Eurozone GDP misses expectations
Eurozone GDP nudged up 0.3 per cent in the third quarter, missing expectations and marking a slight slowdown in growth from the previous three months.
The bloc had expected to report growth of 0.4 per cent, which would have kept it flat with the second quarter.
The figures show that the Eurozone is growing slower than the US, suggesting that its recovery remains vulnerable to outside factors, despite the stimulus measures launched by the European Central Bank earlier earlier this year.
The EU28 grew 0.4 per cent.
The slowdown – which comes from negative net trade – is expected to increase pressure on the ECB to adopt further stimulus in its next meeting in December.
There is a 96 per cent chance that the ECB's governing council will cut its deposit rate by 10 per cent, taking it to -0.3 per cent, Bloomberg reports.

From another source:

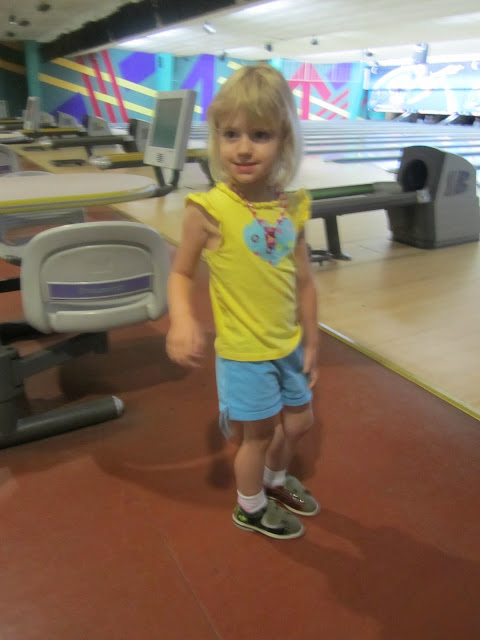 Today, while Hannah was in school (her last day is next Wednesday!), Sadie and I went bowling with friends. She slowly warmed up and got the hang of it!

Howard Archer, chief UK & European economist for IHS Global Insight, said: "No details have been released of the component breakdown of third-quarter Eurozone GDP, but based on the evidence from individual countries it does look odds-on that negative net trade was a significant factor limiting growth. This suggests that the help to Eurozone exports coming from the weak euro was countered by muted global growth.
"Domestic demand growth appears to have been generally decent across the Eurozone in the third quarter primarily due to healthy consumer spending as very low inflation/deflation across the Eurozone supported purchasing power."